**TASK DETAILS**:
In the listing that follows, give every line again exactly and omit the pictures.

**PROVIDED MATERIAL**:
━━━━

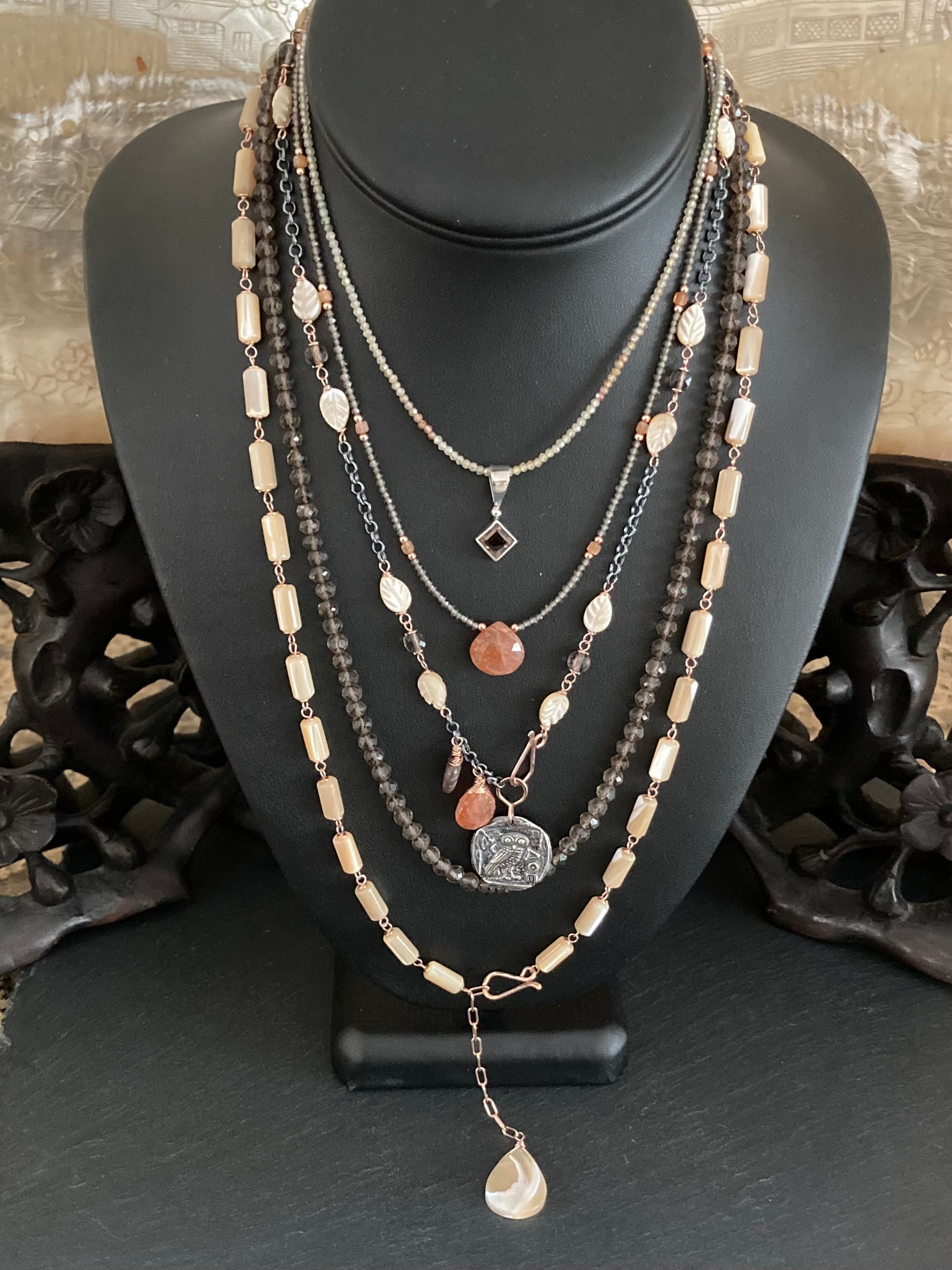 Natural Zircon, Smoky Quartz & Sterling Silver Pendant Choker
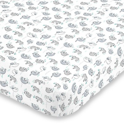 NoJo Super Soft Grey, White and Aqua Sloth Fitted Crib Sheet
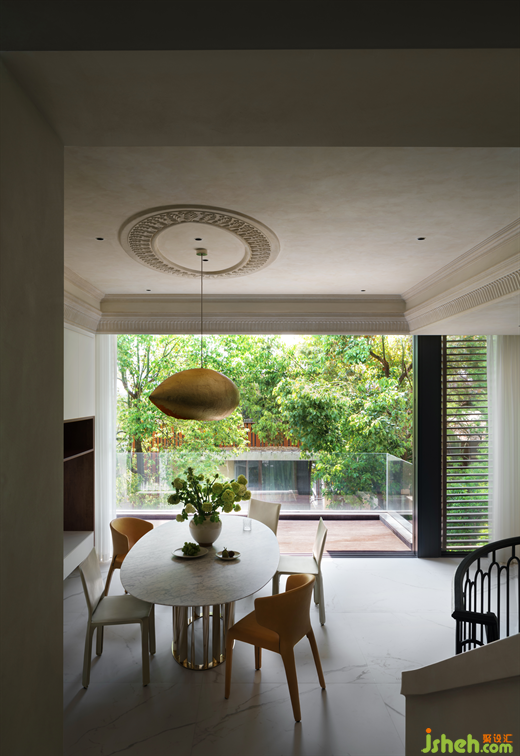 成都別墅設(shè)計(jì)以橢圓元素為主的主餐區(qū)既圍坐親和,又不像正圓餐桌那樣的正式。樓梯處的綠色墻體有著大自然皮膚一樣的肌理,與橢圓鏡子里映射出的自然、戶外真實(shí)的綠意形成呼應(yīng)。

━━━━

**TASK SOLUTION**:
 Natural Zircon, Smoky Quartz & Sterling Silver Pendant Choker
 NoJo Super Soft Grey, White and Aqua Sloth Fitted Crib Sheet
 成都別墅設(shè)計(jì)以橢圓元素為主的主餐區(qū)既圍坐親和,又不像正圓餐桌那樣的正式。樓梯處的綠色墻體有著大自然皮膚一樣的肌理,與橢圓鏡子里映射出的自然、戶外真實(shí)的綠意形成呼應(yīng)。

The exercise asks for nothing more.